It fetches, does a integrity check, and unpack the files into the $root directory. It's actually a little more complex than one would expect a "simple package manager" to be, it has its own archiver and manifest/config file format.
The "database" is a directory $root/var/pkg with the data files
$root/var/pkg/remote: packages that can be fetched
$root/var/pkg/*: arbitrary sources (such as a cd, another hd, etc.)
$root/var/pkg/local: installed packages
A "database entry" looks like this:
Code:
name:foo
version:1.0
license:MIT
description:dummy package
rdeps{
        # runtime dependencies
        coreutils#*
}
mdeps{
        # construction dependencies
        libc#1.0
}
files{
        # path fletcher32-hash
        bin/file01 86166cc0
}
It's painful to deal with cases where you want to statically link a package, but some of its dependencies can only be linked dynamically, so you need to differ construction/static deps from runtime/dynamic ones.

It has a configuration file under /etc/venus.conf or $HOME/.config/venus.conf
See an example below using /usr/local as $root:
Code:
arch:x86_64
fetch:curl -LO
root:/usr/local
safeurl:https://myrepo.com
uncompress:lzip -dc
url:https://mymirror.com
There are two repository entries to avoid needing to trust a mirror, as the integrity values (crypto hash) and entries would be downloaded from the official repository.

It has no automatic dependency resolution to this moment, although i am considering to add a simple recursive one (similar to the one used by the ports).

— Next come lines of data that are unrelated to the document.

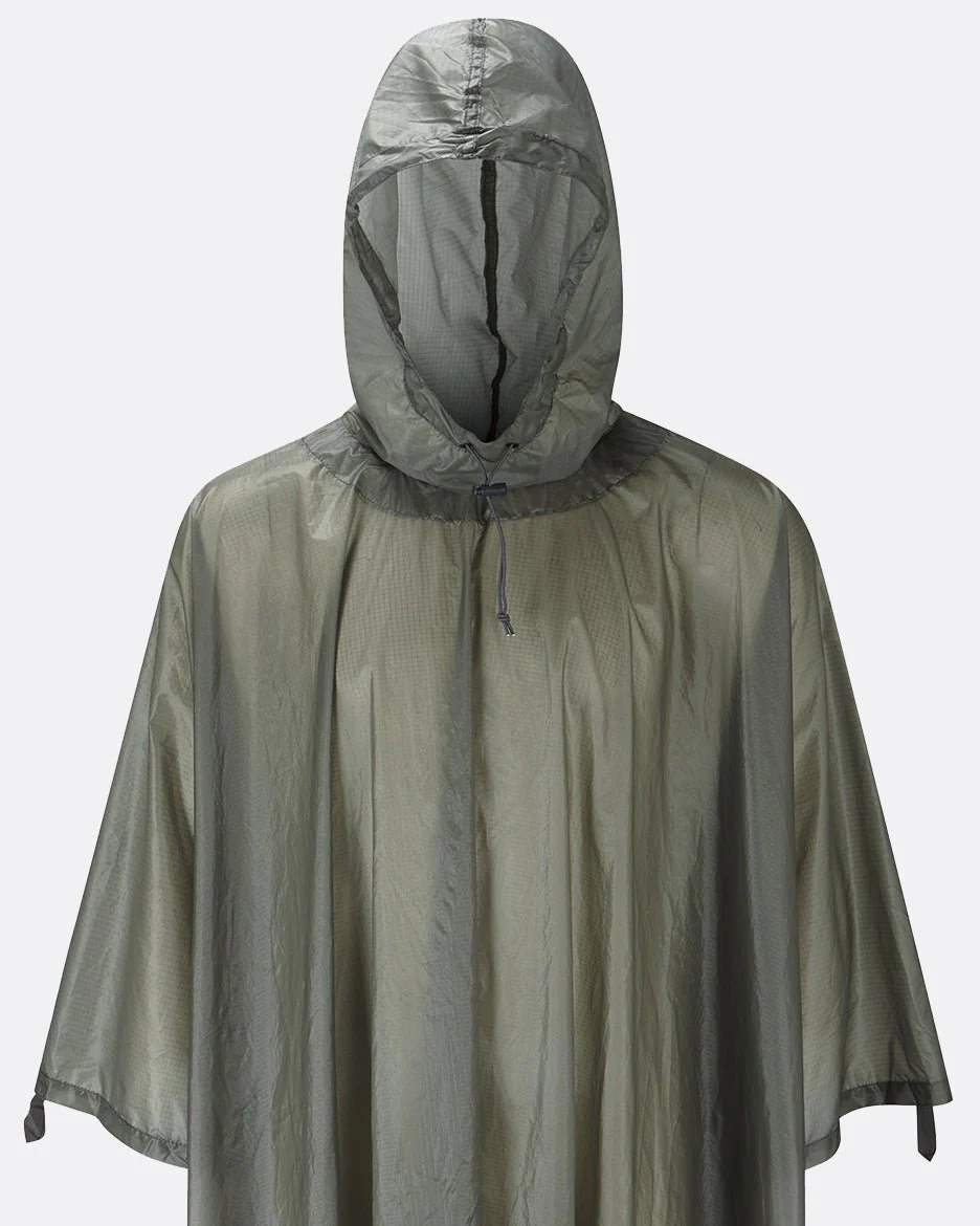El cordón de choque en el borde inferior permite que el poncho se ajuste alrededor de la parte inferior de la mochila para mayor seguridad contra el viento
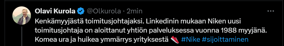 Eilen tuli tällainen uutinen; Elliott Hill on nimitetty Niken uudeksi toimitusjohtajaksi korvaten pitkäaikaisen johtajan John Donahoen.
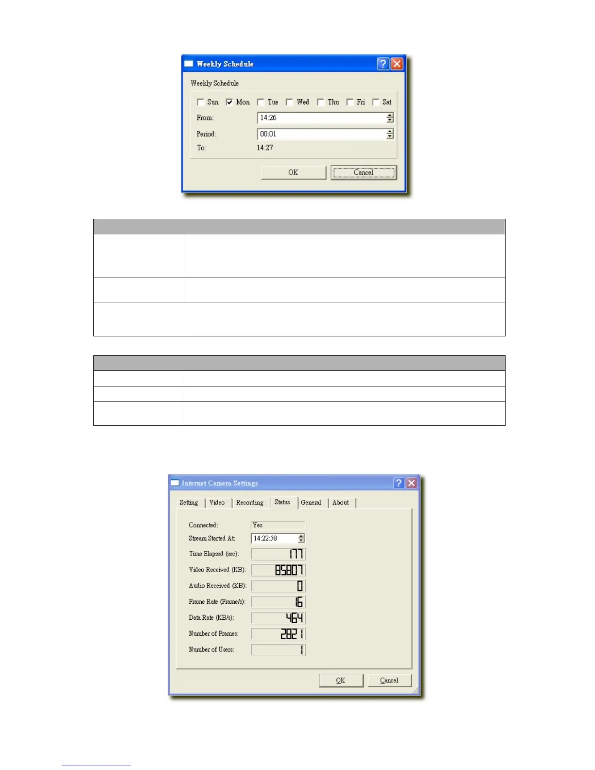 You can see the current status information of the connection session between the utility and the Internet Camera.
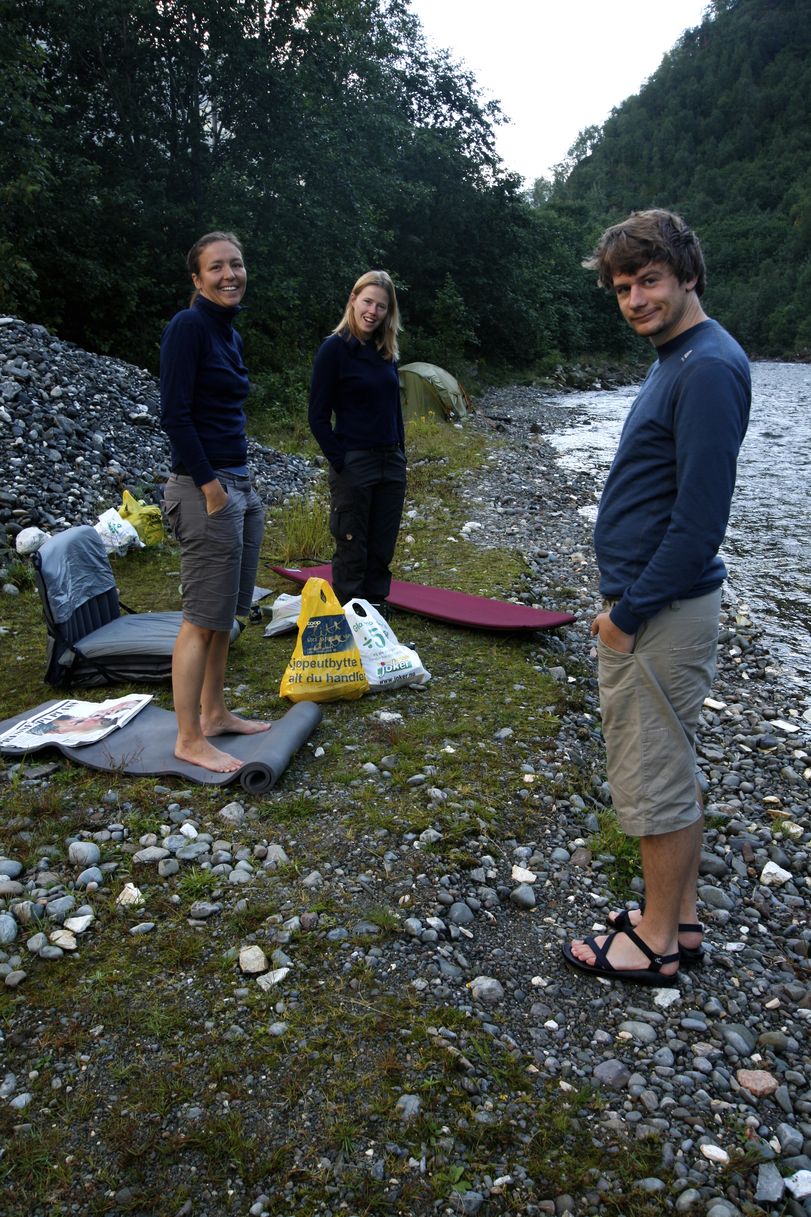 Vi kjørte langs med Hopselva (rv 615) for å finne leirplass. Vi var også innover mot Gjengedalen, men der var det skygge i sekstida. Etter halvannen times leting fant vi en bra plass 3-4 km vest for Hyen, på nedsida av veien, rett ved elva. En fin ”steinstrand” og plass til noen telt, selv om Jon og Fenny sitt telt viste seg å være plassert i en grop der vannet samla seg da det senere på kvelden kom et kraftig regnskyll…! Sol til syvtida, og god middag ble laga før regnet i åttetida gjorde en brå slutt på kvelden! Elva er regulert, så et par ganger i løpet av kvelden ble nivået både senket og økt, så vi nesten kunne hente vann rett ut fra teltdøra…

About the discussion on separating the packages under /whatever/package_name, like nix/guix/janus/gobo does: It seems a good way to organize things at first, but then you fall to the problem that the entire OS expect a different organization; most of the advantages of separating the packages are lost when you try to solve this (maybe union being an exception, but then you have its own problems)